▶ Data:
· · · · ·

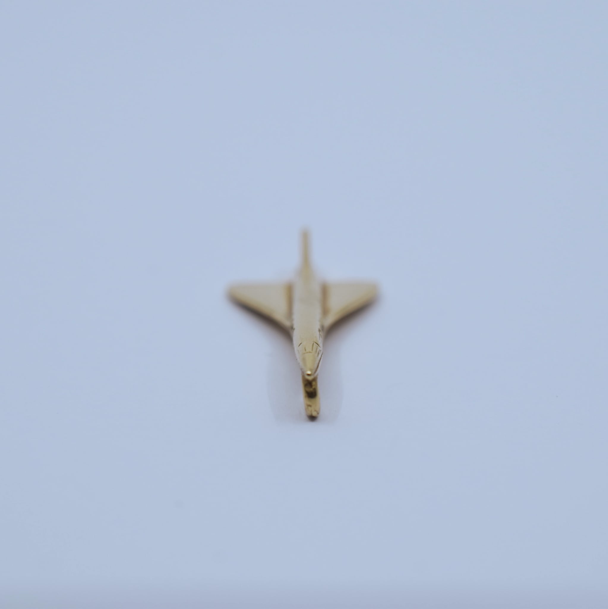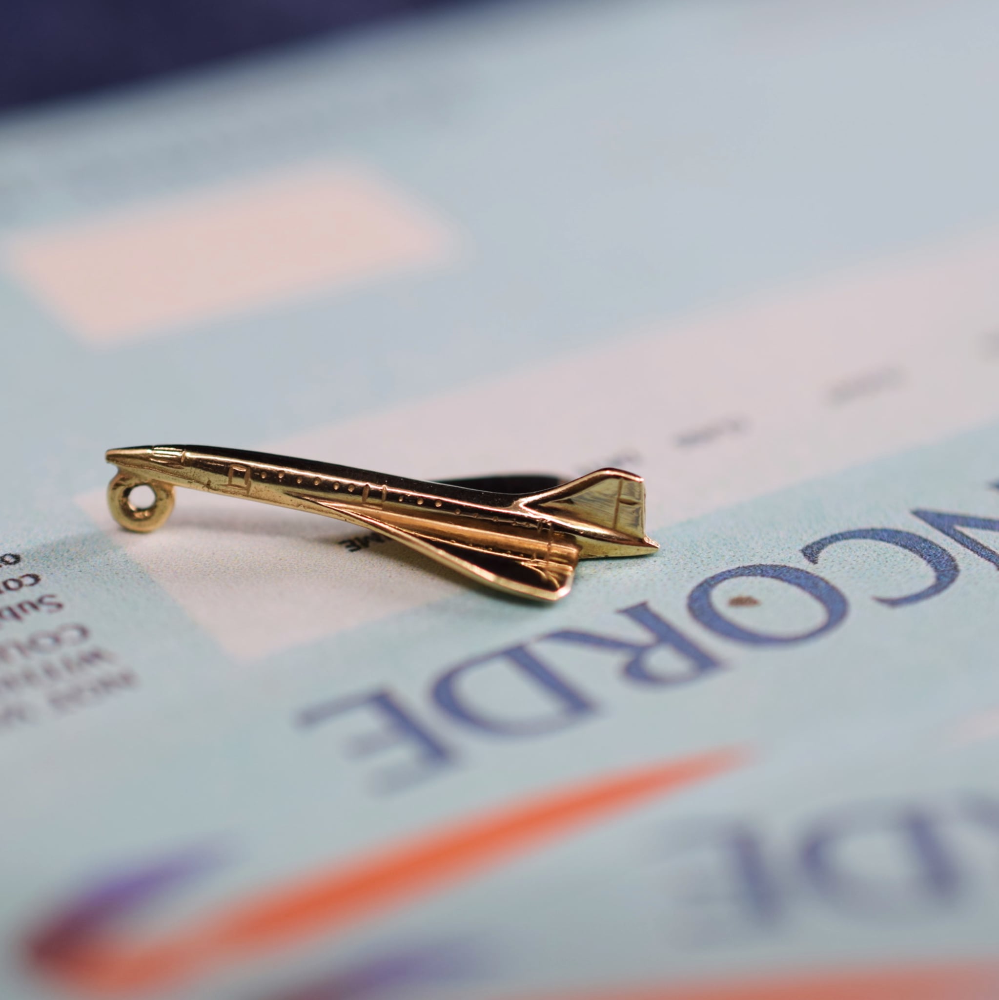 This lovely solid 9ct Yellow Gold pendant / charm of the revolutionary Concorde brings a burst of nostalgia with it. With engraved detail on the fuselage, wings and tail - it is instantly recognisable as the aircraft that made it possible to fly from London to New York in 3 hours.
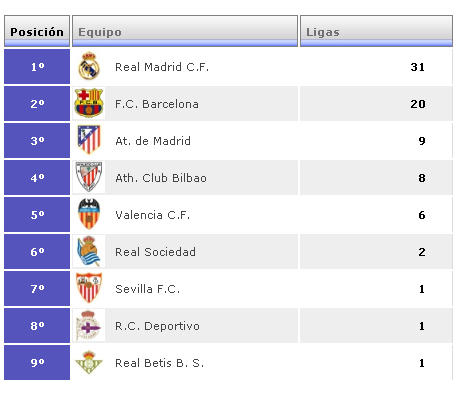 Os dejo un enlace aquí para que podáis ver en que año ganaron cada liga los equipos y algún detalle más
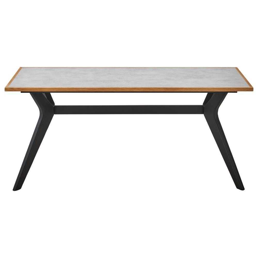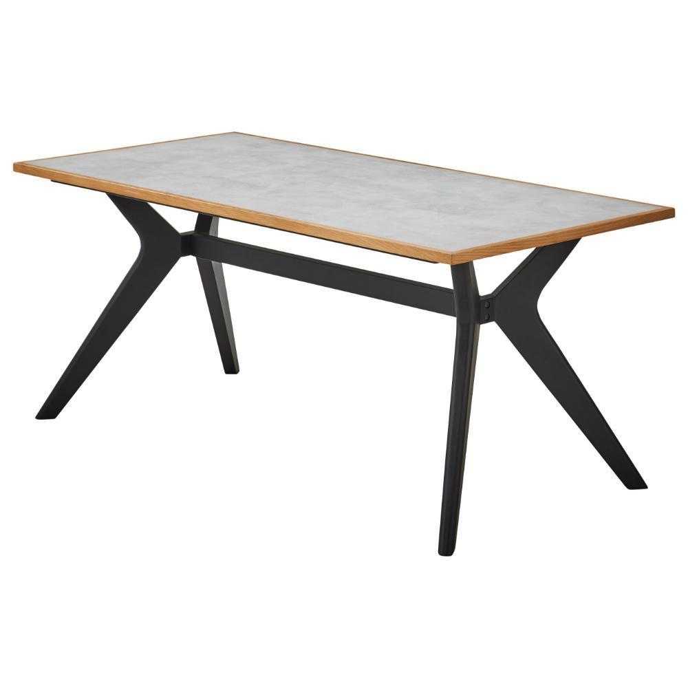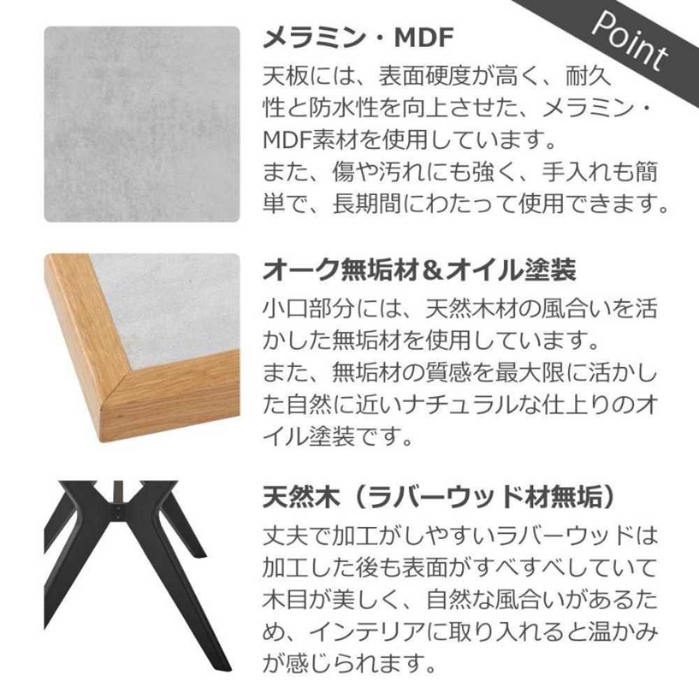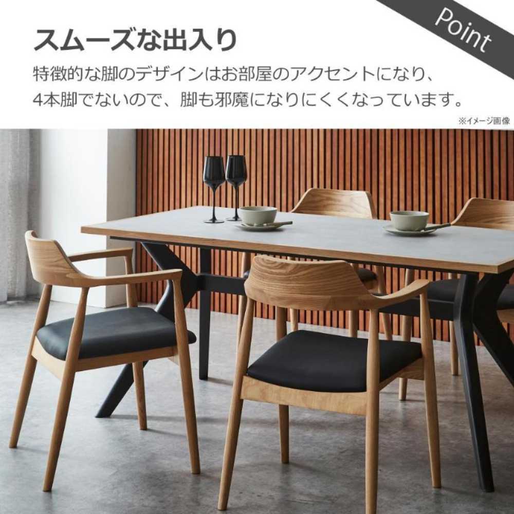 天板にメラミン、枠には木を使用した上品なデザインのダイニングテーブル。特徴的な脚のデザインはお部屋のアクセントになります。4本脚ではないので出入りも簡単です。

· · · · ·

▶ Exercise instructions:
Quote precisely the lines of the data from the line containing "Os dejo un enlace" through its final line, both included, excluding pictures.

▶ Completed task:
 Os dejo un enlace aquí para que podáis ver en que año ganaron cada liga los equipos y algún detalle más
 天板にメラミン、枠には木を使用した上品なデザインのダイニングテーブル。特徴的な脚のデザインはお部屋のアクセントになります。4本脚ではないので出入りも簡単です。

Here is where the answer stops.